Extracted records:
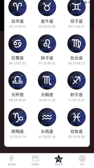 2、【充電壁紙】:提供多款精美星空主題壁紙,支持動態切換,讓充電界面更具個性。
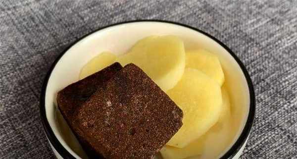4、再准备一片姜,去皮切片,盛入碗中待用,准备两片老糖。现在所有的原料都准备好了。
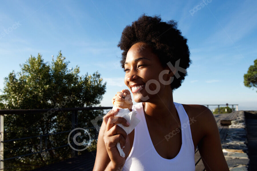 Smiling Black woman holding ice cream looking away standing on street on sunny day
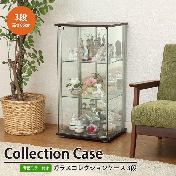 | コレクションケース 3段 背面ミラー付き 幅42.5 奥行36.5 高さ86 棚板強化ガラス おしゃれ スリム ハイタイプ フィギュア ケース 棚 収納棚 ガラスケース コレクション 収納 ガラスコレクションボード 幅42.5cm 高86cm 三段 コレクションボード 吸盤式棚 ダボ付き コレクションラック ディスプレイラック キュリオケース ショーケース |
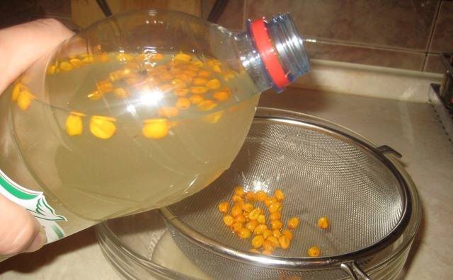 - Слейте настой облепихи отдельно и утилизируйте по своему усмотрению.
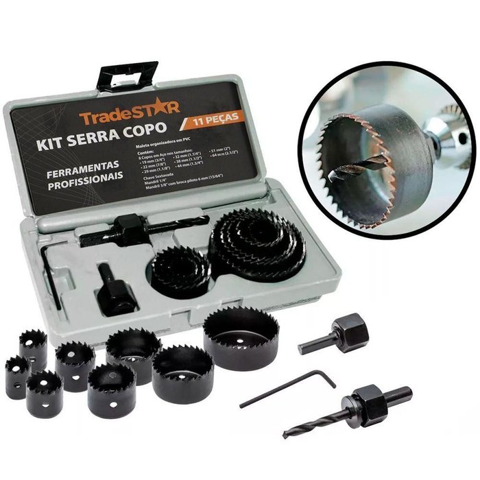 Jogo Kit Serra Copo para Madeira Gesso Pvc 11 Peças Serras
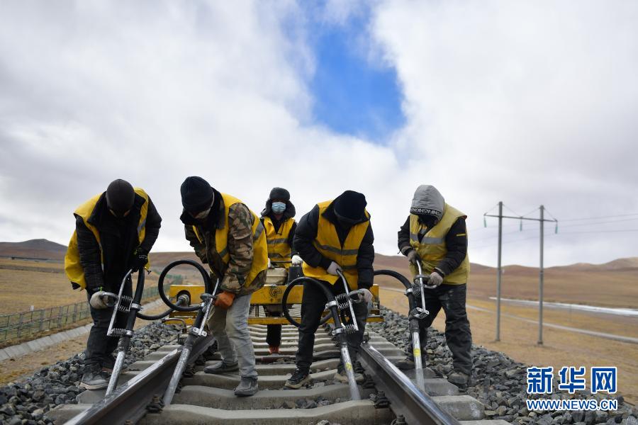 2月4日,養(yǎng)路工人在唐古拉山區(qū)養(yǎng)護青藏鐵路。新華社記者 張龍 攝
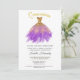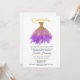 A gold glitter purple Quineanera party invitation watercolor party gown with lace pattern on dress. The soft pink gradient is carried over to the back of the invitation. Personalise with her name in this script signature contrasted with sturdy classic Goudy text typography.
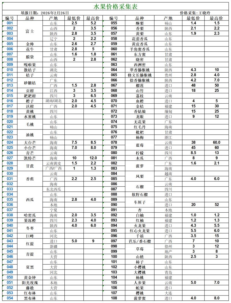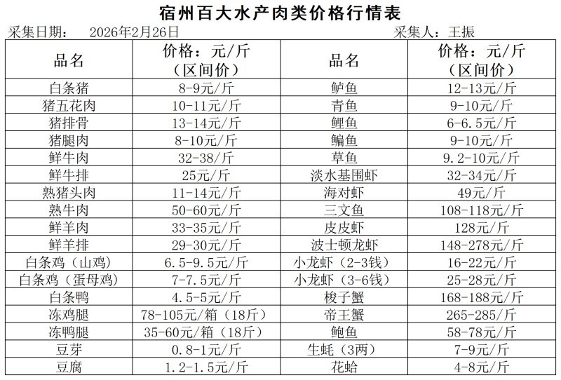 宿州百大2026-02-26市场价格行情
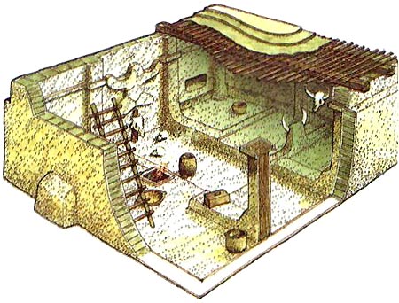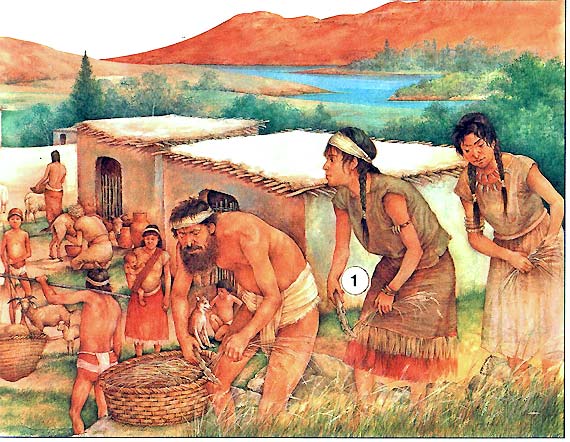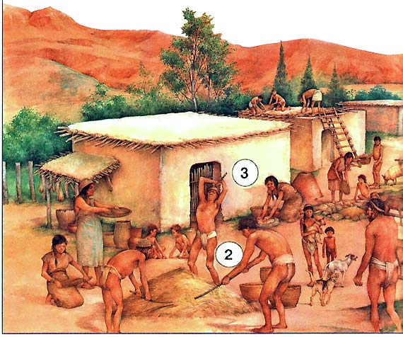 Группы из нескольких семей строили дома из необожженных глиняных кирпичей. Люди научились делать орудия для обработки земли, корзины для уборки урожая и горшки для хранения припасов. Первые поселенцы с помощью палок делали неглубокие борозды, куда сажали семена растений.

About this task: Each entry is to be returned as it stands, and each picture is to be left out.

Answer to this task:
 2、【充電壁紙】:提供多款精美星空主題壁紙,支持動態切換,讓充電界面更具個性。
4、再准备一片姜,去皮切片,盛入碗中待用,准备两片老糖。现在所有的原料都准备好了。
 Smiling Black woman holding ice cream looking away standing on street on sunny day
 | コレクションケース 3段 背面ミラー付き 幅42.5 奥行36.5 高さ86 棚板強化ガラス おしゃれ スリム ハイタイプ フィギュア ケース 棚 収納棚 ガラスケース コレクション 収納 ガラスコレクションボード 幅42.5cm 高86cm 三段 コレクションボード 吸盤式棚 ダボ付き コレクションラック ディスプレイラック キュリオケース ショーケース |
 - Слейте настой облепихи отдельно и утилизируйте по своему усмотрению.
 Jogo Kit Serra Copo para Madeira Gesso Pvc 11 Peças Serras
 2月4日,養(yǎng)路工人在唐古拉山區(qū)養(yǎng)護青藏鐵路。新華社記者 張龍 攝
 A gold glitter purple Quineanera party invitation watercolor party gown with lace pattern on dress. The soft pink gradient is carried over to the back of the invitation. Personalise with her name in this script signature contrasted with sturdy classic Goudy text typography.
 宿州百大2026-02-26市场价格行情
 Группы из нескольких семей строили дома из необожженных глиняных кирпичей. Люди научились делать орудия для обработки земли, корзины для уборки урожая и горшки для хранения припасов. Первые поселенцы с помощью палок делали неглубокие борозды, куда сажали семена растений.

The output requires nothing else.